I stopped driving, got a monocular to help me read the tram numbers, purchased a special watch and asked my secretary to put a white stripe on my red pens so that I could distinguish them from the black ones. I also became a member of the Talking Book Library.

The Talking Book Library was unlike any library I had ever used. Back in those days, I selected titles from a (large print) catalogue. Books were then sent to me randomly in tape form. I decided it would be good to hone my listening skills on some literary classics such as Voss by Patrick White and Madame Bovary by Flaubert. And then one day, Nana by Emile Zola arrived in the post. Nana is French novel, and is full of references to French names and places. The problem was that the person reading the book had no facility with French whatsoever. While this might not have been a problem had I been listening to the book at high speed, for me it was like fingernails on a blackboard.

This was my first introduction to the problems that VIPs have with access to print material. And I didn’t like it. I wanted to continue to read books of my own choosing and I wanted quality. And so I started borrowing or buying commercial talking books: Dirt Music by Tim Winton, The Fry Chronicles by Stephen Fry, Dreams From My Father by Barack Obama. While commercial talking books are often abridged and do not include page numbers, footnotes and other information, I do not mind this when I am reading for recreational purposes.

When it comes to my professional life, I have experimented with various adaptive tools: from magnifying glasses, and large print photocopies, to closed circuit televisions and software programs such as Zoomtext and JAWS. To give you some idea of how technology has changed, in the mid- 90s I bought a 20-inch monitor that would allow me to magnify text.
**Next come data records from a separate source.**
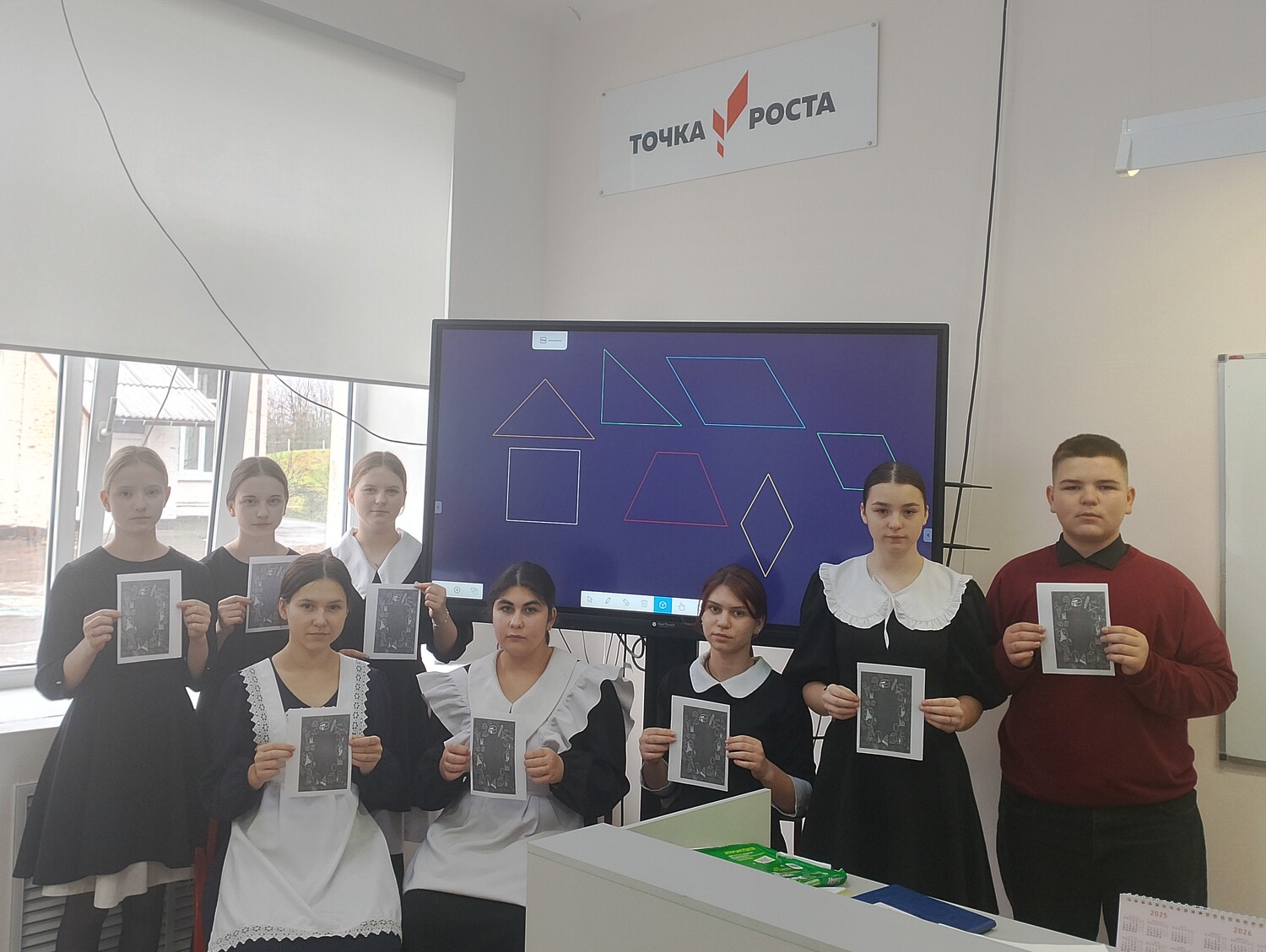Обучающиеся 8 класса Ново- Павловской школы приняли участие в фестивале геометрических фигур «МИР ЧЕТЫРЁХУГОЛЬНИКОВ», который проходил на базе школьного информационного центра «ТОЧКА РОСТА» (кабинет физики).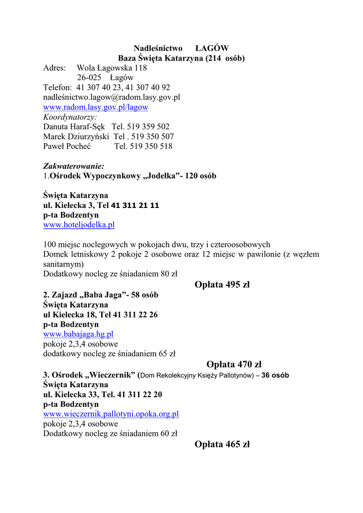 Nadleśnictwo ŁAGÓW Baza Święta Katarzyna (214 osób) Adres: Wola Łagowska 118 26-025 Łagów Telefon: 41 307 40 23, 41 307 40 92 nadleś[email protected] www.radom.lasy.gov.pl/lagow Koordynatorzy: Danuta Haraf-Sęk Tel. 519 359 502 Marek Dziurzyński Tel . 519 350 507 Paweł Pocheć Tel. 519 350 518 Zakwaterowanie: 1.Ośrodek Wypoczynkowy „Jodełka”- 120 osób Święta Katarzyna ul. Kielecka 3, Tel 41 311 21 11 p-ta Bodzentyn www.hoteljodelka.pl 100 miejsc noclegowych w pokojach dwu, trzy i czteroosobowych Domek letniskowy 2 pokoje 2 osobowe oraz 12 miejsc w pawilonie (z węzłem sanitarnym) Dodatkowy nocleg ze śniadaniem 80 zł Opłata 495 zł 2. Zajazd „Baba Jaga”- 58 osób Święta Katarzyna ul Kielecka 18, Tel 41 311 22 26 p-ta Bodzentyn www.babajaga.hg.pl pokoje 2,3,4 osobowe dodatkowy nocleg ze śniadaniem 65 zł Opłata 470 zł 3. Ośrodek „Wieczernik” (Dom Rekolekcyjny Księży Pallotynów) – 36 osób Święta Katarzyna ul. Kielecka 33, Tel. 41 311 22 20 p-ta Bodzentyn www.wieczernik.pallotyni.opoka.org.pl pokoje 2,3,4 osobowe Dodatkowy nocleg ze śniadaniem 60 zł Opłata 465 zł Trasy TRASY PIESZE – do wyboru TRASA I Łysogóry 200 osób 1-szy dzień – wycieczka piesza: Nowa Słupia – Św. Krzyż – Huta Szklana – Kakonin – Przełęcz Św. Mikołaja – Łysica – Św. Katarzyna. Długość trasy: 14 km. Czas przejścia: 5 h (bez czasu zwiedzania). Trasa trudna. Wyjazd autokarem do punktu wyjścia w Nowej Słupii, zwiedzanie Muzeum Starożytnego Hutnictwa z pozostałościami pieców hutniczych (dymarek) z I – III w.n.e., figura Św. Emeryka, wejście drogą królewską na szczyt Łysej Góry. Zwiedzanie Zabytkowego Zespołu Klasztornego na Św. Krzyżu i Muzeum Przyrodniczo – Leśnego ŚPN. Zejście ze Św Krzyża do Jodłowego Dworu w Szklanej Hucie i podjazd autokarami do Kakonina. Wyjście czerwonym szlakiem na Przełęcz Św. Mikołaja i na Łysicę (najwyższa góra Gór Świętokrzyskich-612 m npm) Obserwacja z punktu widokowego gołoborzy i panoramy Gór Świętokrzyskich. Zejście fragmentem Puszczy Jodłowej do Św. Katarzyny. Zwiedzanie zabytków Św. Katarzyny: klasztoru bernardynek, kapliczki przy źródełku Św. Franciszka, pomnika i kamienia poświęconego Stefanowi Żeromskiemu. TRASA II Lasami Cisowsko-Orłowińskimi 50 osób 1-szy dzień – wycieczka piesza: Sędek – Orłowiny – Zamczysko – Cisów. Długość trasy: 12 km, Czas przejścia: 3 h. Trasa łatwa. Wyjazd autokarem do Sędka, na punkt widokowy. Obserwacja panoramy pasma CisowskoOrłowińskiego, Ociesęckiego i Łysogórskiego. Przejście fragmentem lasów Orłowińskich. Obserwacja uszkodzeń drzewostanów spowodowanych przez zwójki jodłowe. Przejście na Wysokówkę z rezerwatem leśnym i archeologicznym „Zamczysko”. Zejście przez Widełki do Cisowa. Zwiedzenie zabytkowego kościoła z diabłem w ołtarzu. Powrót autokarem do Św. Katarzyny. TRASA III Pasmem Jeleniowskim 50 osób 1-szy dzień – trasa piesza: Janowice – Witosławie – Góra Witosławska – Szczytnik – Nieskurzów – Góra Jeleniowska – Paprocie. Długość trasy: 12 km, Czas przejścia: 5 h. Trasa trudna. Przejazd autokarem ze Świętej Katarzyny do Janowic. Zwiedzanie Izby Pamięci Jana Piwnika „Ponurego”. Wyjazd autokarem do Witosławic. Wyjście na Górę Witosławską. Zwiedzanie zabytkowej kapliczki pw Zesłania Ducha Św. Przejście szlakiem czerwonym przez lasy Pasma Jeleniowskiego. Obserwacja naturalnej sukcesji na gołoborzach w rezerwatach „Małe Gołoborze” i „Szczytnik”. Przemarsz na Górę Jeleniowską z rezerwatem chroniącym ostańcowe formy skałkowe z porastającym je naturalnym zespołem buczyny karpackiej w formie podgórskiej „Góra Jeleniowska”. Zejście do Paprocic. Powrót autokarem do Świętej Katarzyny. Na zakończenie 1-go dnia wieczorek integracyjny w Świętej Katarzynie przy OW „Jodełka” WYCIECZKA 200 osób AUTOKAROWA „ŚLADAMI OJCA MATEUSZA” 2-gi dzień – wycieczka autokarowa: Św. Katarzyna – Łagów – Opatów – Sandomierz – Ujazd. Długość trasy 140 km. Wyjazd ze Św. Katarzyny przez Górno, Łagów, Opatów do Sandomierza. Wejście na Zamek i do Domu Długosza. Zwiedzanie Starego Miasta, przejście trasą podziemną. W drodze powrotnej krótki postój w Opatowie. Spacer po rynku i wejście do Kolegiaty. Zakończenie wycieczki na Zamku Krzyżtopór w Ujeździe. Ognisko w obrębie Zamku. Powrót w godzinach wieczornych do Św. Katarzyny.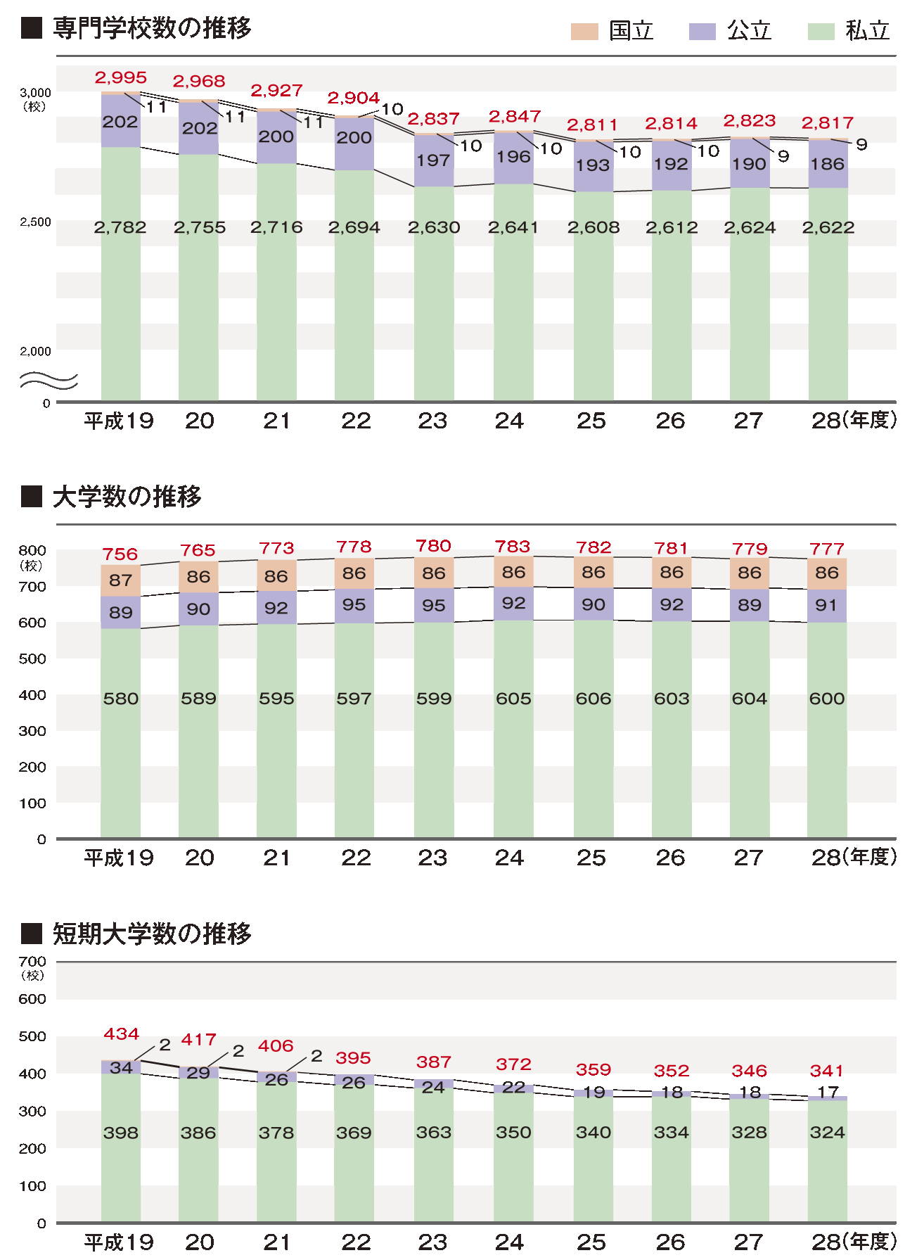 | データ資料: | 平成19~28年度の学校基本調査(文部科学省ホームページ)よりグラフにして作成 |

It cost many thousands of dollars and weighed so much that I had to get a custom built desk that could hold the weight! Less than two decades on, I have a light and stylish 27-inch computer on my desk. All the software I need came as part of the standard package. The adaptive technology has now been “mainstreamed”.

These days I run the Australian Copyright Council, the peak body for Australian creators and copyright owners. In 2013 I was lucky enough to attend the Treaty negotiations in Marrakesh. A big issue in the negotiations was when and how exceptions for VIPs and others should apply. For example, should it be possible to rely on exceptions when books are already commercially available in accessible formats? [2]

The Marrakesh Treaty strives to facilitate access to published works by VIPs and others without removing incentives for commercial entities to create content in accessible formats. This is important. For it is innovation and mainstreaming that enables VIPs to enjoy quality content in a timely and affordable manner. Not like Very Important Persons. Just like everybody else!

[1] See national Interest Analysis

[12 For example, Read How You Want is an Australian company that converts books into accessible formats.’